Paul Sanders · Accepted Answer · 2020-06-02T23:57:08.387

127

2147483647 + 1 is evaluated as the sum of two ints and therefore overflows.

2147483648 is too big to fit in an int and is therefore assumed by the compiler to be a long (or a long long in MSVC). It therefore does not overflow.

To perform the summation as a long long use the appropriate constant suffix, i.e.

a = 2147483647LL + 1;

edited Jun 02 '20 at 23:57

answered May 05 '20 at 23:40

Paul Sanders

15,937
4
18
36

Comments are not for extended discussion; this conversation has been [moved to chat](https://chat.stackoverflow.com/rooms/213422/discussion-on-answer-by-paul-sanders-why-does-long-long-2147483647-1-214748). – Samuel Liew May 08 '20 at 13:39

Peter Cordes · Answer 2 · 2020-08-19T19:38:22.527

This signed integer overflow is undefined behaviour, like always in C/C++

What Every C Programmer Should Know About Undefined Behavior

Unless you compile with gcc -fwrapv or equivalent to make signed integer overflow well-defined as 2's complement wrap-around. With gcc -fwrapv or any other implementation that defines integer overflow = wraparound, the wrapping that you happened to see in practice is well-defined and follows from other ISO C rules for types of integer literals and evaluating expressions.

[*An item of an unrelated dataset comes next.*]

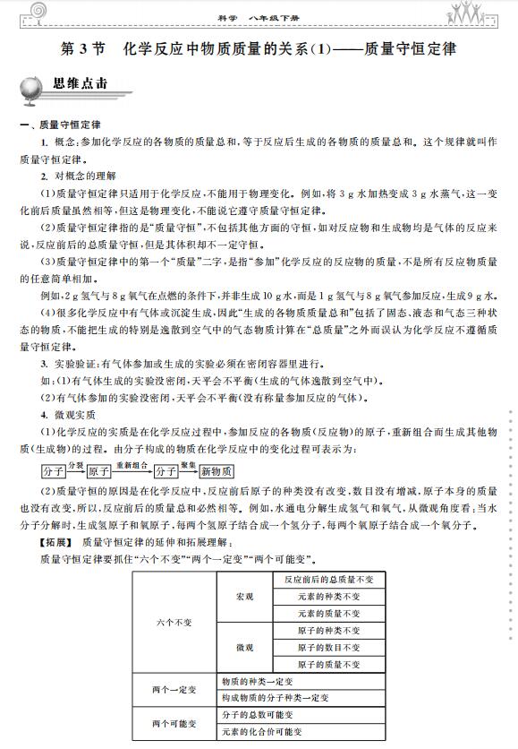 【拓展培优】第1章第3节 化学反应中物质质量的关系(1)——质量守恒定律 2026浙教版科学八下同步练习(pdf版,含答案)

T var = expression only implicitly converts the expression to type T after evaluating the expression according to standard rules. Like (T)(expression), not like (int64_t)2147483647 + (int64_t)1.

A compiler could have chosen to assume that this path of execution is never reached and emitted an illegal instruction or something. Implementing 2's complement wraparound on overflow in constant expressions is just a choice that some/most compilers make.

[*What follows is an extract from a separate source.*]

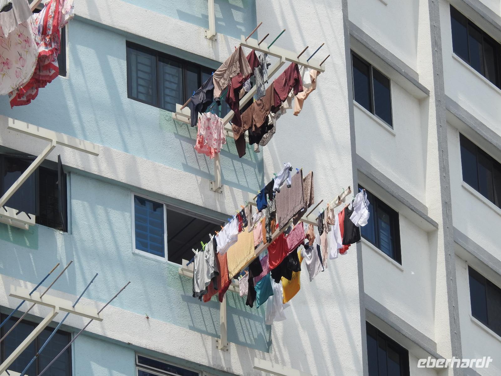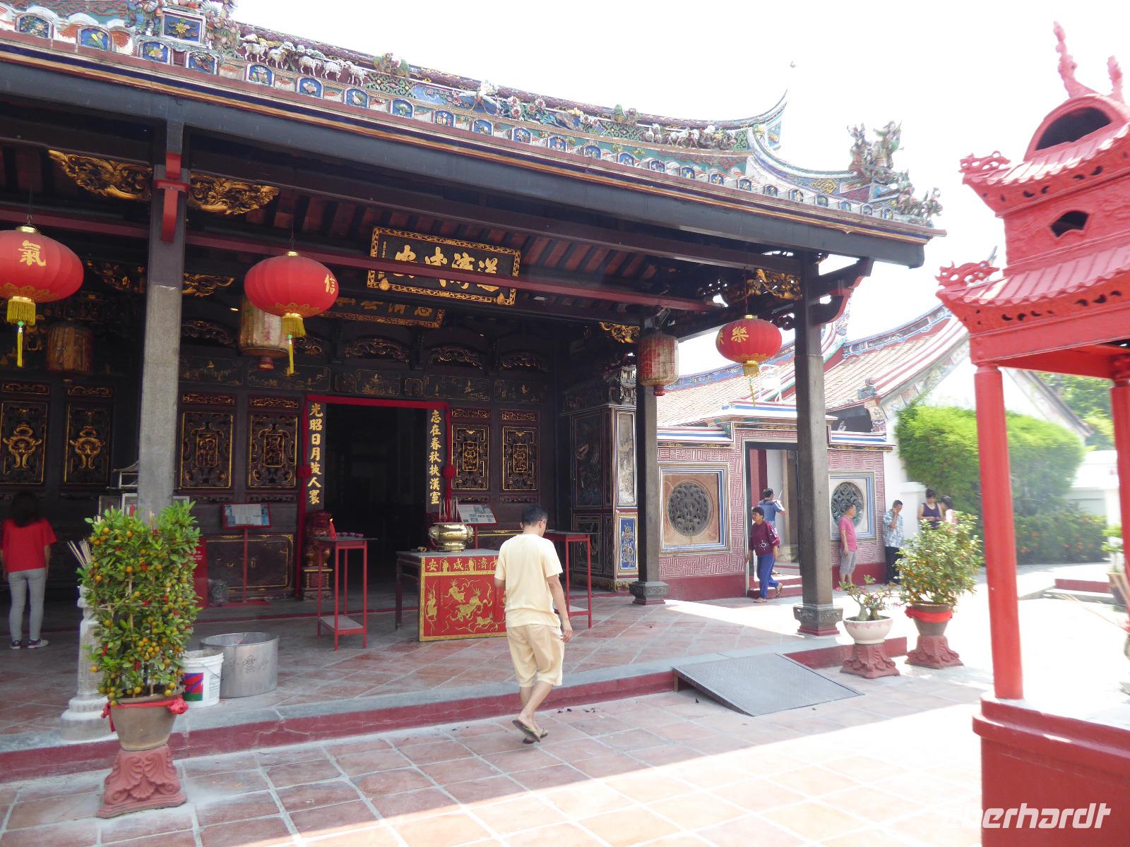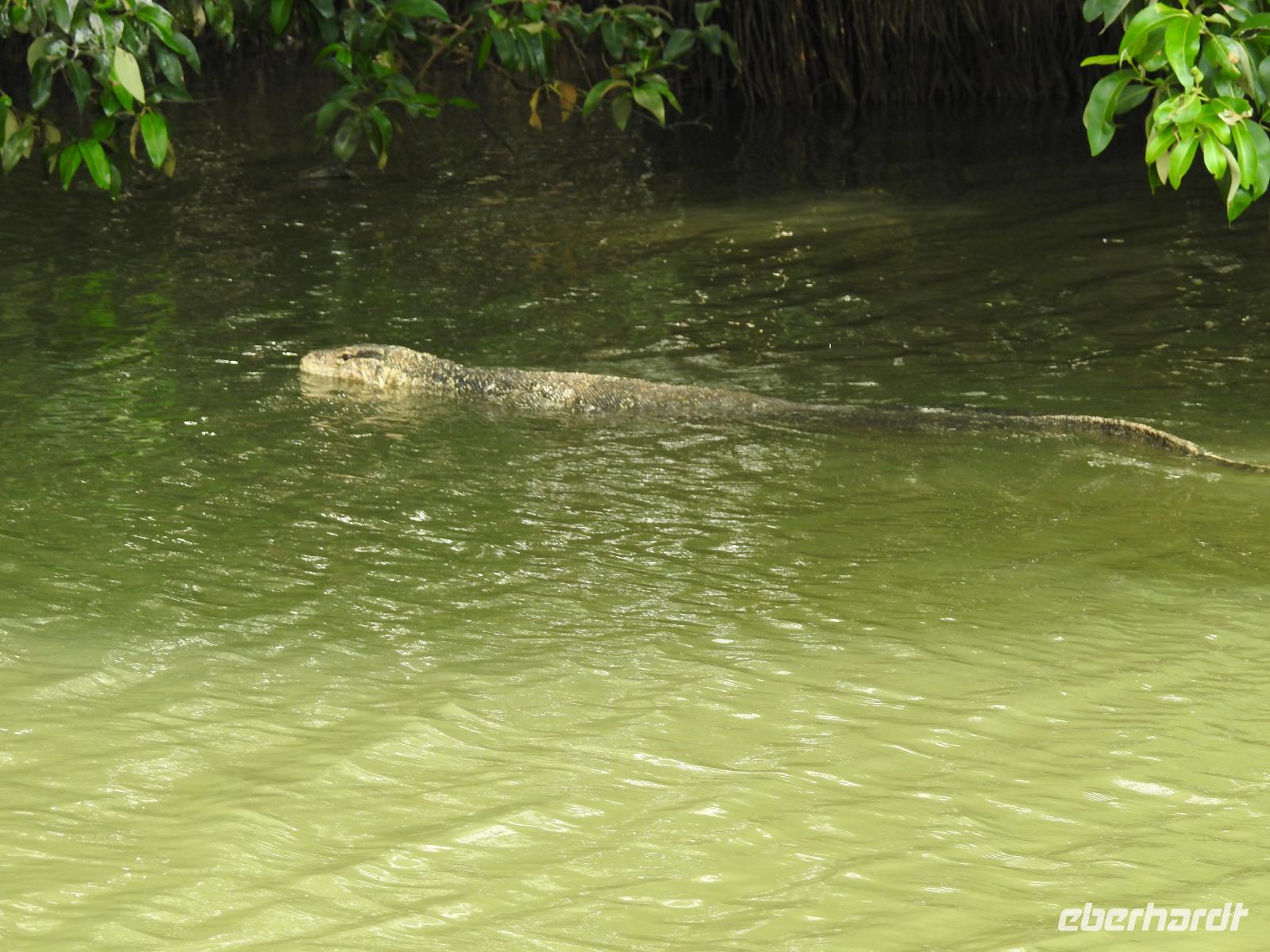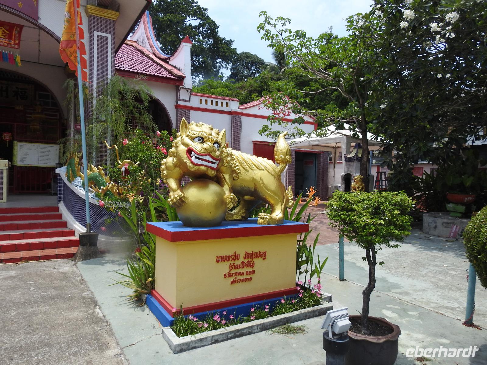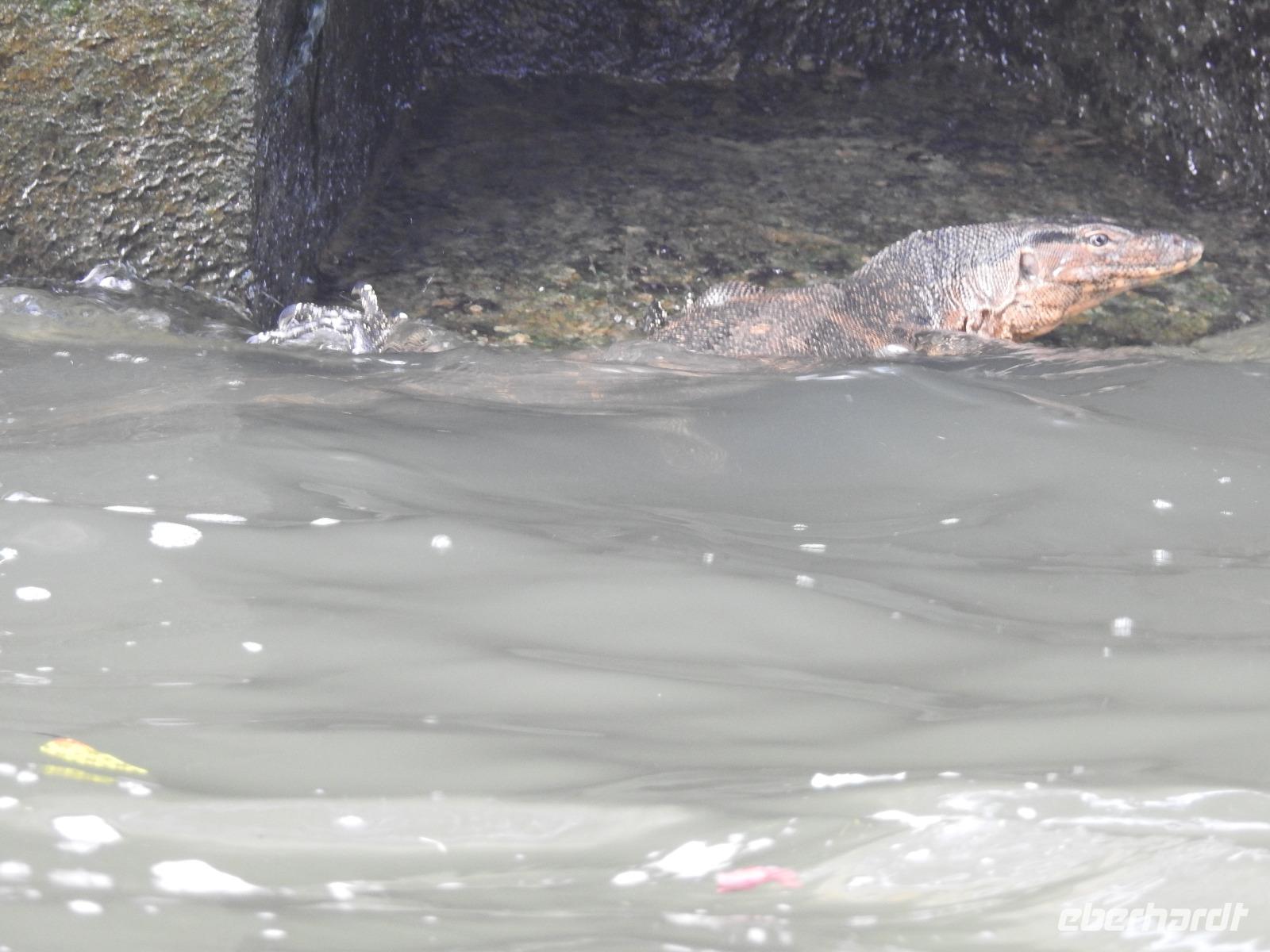 Wir haben uns verabredet, um Acht gemeinsam zu frühstücken. Und so machen wir es auch. Der österreichische Hotelmanager schaut etwas kritisch auf unser Eberhardt-Schild, denn beim Frühstück gibt es freie Platzwahl und man darf nichts reservieren. Gut. Erstens haben wir nichts reserviert, das Schild kam erst mit uns gemeinsam auf den Tisch und zweitens ist ringsum Platz, also lassen wir uns nicht beeindrucken. Das Frühstückbuffet ist reich von Köstlichkeiten. Verschieden Brot- und Brötchensorten, Wurst, Käse, Lachs und Shrimps Cocktail, Eier gekocht und gerührt oder frisch gebraten, Obst und vieles mehr. Da fällt die Auswahl schwer. Nach dem Frühstück gibt es eine Stunde Freizeit, mehr nicht. Warum? Na, um Zehn ist die zweite Sicherheitsübung und anschließend wird die Crew vorgestellt. Der Kapitän hält eine freundliche Rede und anschließend übernimmt die Kreuzfahrtdirektorin Monika aus Brasilien die Regie. So sind wir bis Elf beschäftigt. In der Piano-Bar setzen wir uns nun zusammen, um den Ausflug am Nachmittag zu besprechen. Halb zwölf gibt es die Einweisung für Tauchinteressenten, parallel das Mittagsbuffet. Auch hier lässt der Koch sich nicht lumpen. Von der Vorsuppe über Salatbuffet, vier Hauptspeisen und Obst oder Süßes zum Nachtisch, es gibt alles, was das Herz begehrt. 13.30 Uhr treten wir an zum Ausflug. Wir haben uns für das HISTORISCHE MALAKKA entschieden. Über eine wacklige Gangway (wir liegen auf Reede) hangeln wir uns ins Tenderboot. Ca. zehn Minuten sind es bis zum Land. Dort erwartet uns ein Reisebus, der uns mit weiteren 37 Gästen in ca. 10 Minuten zum Stadtzentrum bringt. Hier beginnt unsere Stadtbesichtigung. Wir befinden uns in der ältesten Stadt Malaysias, die ca. 181.000 Einwohner hat. Schon vom Busfenster aus, ist zu sehen, dass kunterbunte Rikschas hier das Stadtbild bestimmen. Später stellen wir fest, dass aus den Rikschas auch noch ohrenbetäubende Musik erklingt. Ab dem Santiago Tor, das zu den Überresten einer portugiesischen Festung gehört, gehen wir zu Fuß. Es sind schlappe 31 Grad. Unser junger Guide ist nicht zu bremsen. Er erklärt sowohl in Deutsch als auch in Englisch, alles was er über die Geschichte der Stadt weiß und was wir wissen müssen. Und das ist nicht wenig. Während die Englisch sprachigen Gäste ihre Informationen bekommen, haben wir Zeit, die Gebäude in der Nachbarschaft ins Auge bzw. vor die Linse zu nehmen. Links vom Santiago Tor befindet sich das Bastionshaus und rechts die Memorial Hall. Wenn wir Zeit hätten, könnten wir, ohne Eintritt zu bezahlen, hier die Dokumentation von Malaysias Weg zur Unabhängigkeit besichtigen, wozu Urkunden, Verträge, Karten usw. gehören. Wir aber erklimmen den St. Pauls Hügel, wofür wir 150 Treppenstufen bewältigen müssen, die direkt vom Santiago Tor hinaufführen. Auf dem Hügel befindet sich die gleichnamige (und erste) katholische Kirche der Stadt. Hier begruben die Holländer ihre Adligen. Die beeindruckenden Grabplatten sind heute noch zu besichtigen. Vom St. Pauls Hügel steigen wir hinab und kommen zum holländischen Stadthys, das vermutlich 1650 erbaut wurde und damals Sitz der holländischen Gouverneure war. Heute befindet sich hier ein Geschichtsmuseum. Nebenbei bemerkt gibt es in Malakka 30 Museen. Am holländischen Platz finden sich außerdem Zeugnisse der britischen Herrschaft, ein Uhrturm und der Victoria-Brunnen. Durch die Jong-Street gelangen wir zur Straße der Harmonie, die deshalb so heißt, weil sich hier in einer Reihe, eine Moschee, eine christliche Kirche und ein chinesischer Tempel befinden. Den Chen-Hoon-Teng Tempel besichtigen wir auch von Innen. Schöne Holzschnitzereien sind hier zu bewundern und es riecht nach Räucherstäbchen. In einer Nebenstraße nähert sich eine Prozession mit Drachentanz, aber wir haben keine Zeit und dürfen nicht bleiben, um zu schauen. Wir begeben und zum Baba Nyonya Museum, das sich in einem privaten Wohnhaus einer Familie der Nyonyas befindet, weswegen auch das Fotografieren verboten ist. Die Nyonya sind eine eigene Bevölkerungsgruppe, die sich aus der Verheiratung von malayischen Frauen und chinesischen Männern entwickelt hat. Den Abschluss unserer Stadtbesichtigung bildet eine Bootsfahrt auf dem Melaka-Fluss, bei der wir nochmal einen Blick auf die bunt angestrichenen Häuser haben und vor allem Leguane unsere Aufmerksamkeit erregen. Mit vier Gästen Verlust (natürlich nicht von unserer Gruppe) erreichen wir schließlich das letzte Tenderboot, das um 17.30 Uhr zur Star Clipper fährt. Um 18 Uhr verlassen wir Malakka und nehmen Kurs auf Langkawi. Nach einem üppigen Abendessen kann man entweder die bordeigene Modenschau besuchen oder sich aufs Ohr legen. Gute Nacht, ihr Lieben, bis Morgen!

The ISO C standard specifies that a numeric literal has type int unless the value is too large to fit (it can be long or long long, or unsigned for hex), or if a size override is used. Then the usual integer promotion rules apply for binary operators like + and *, regardless of whether it's part of a compile-time constant expression or not.

This is a simple and consistent rule that's easy for compilers to implement, even in the early days of C when compilers had to run on limited machines.

Thus in ISO C/C++ 2147483647 + 1 is undefined behaviour on implementations with 32-bit int. Treating it as int (and thus wrapping the value to signed negative) follows naturally from the ISO C rules for what type the expression should have, and from normal evaluation rules for the non-overflow case. Current compilers don't choose to define the behaviour differently from that.

ISO C/C++ do leave it undefined, so an implementation could pick literally anything (including nasal demons) without violating the C/C++ standards. In practice this behaviour (wrap + warn) is one of the less objectionable ones, and follows from treating signed integer overflow as wrapping, which is what often happens in practice at runtime.

Also, some compilers have options to actually define that behaviour officially for all cases, not just compile-time constant expressions. (gcc -fwrapv).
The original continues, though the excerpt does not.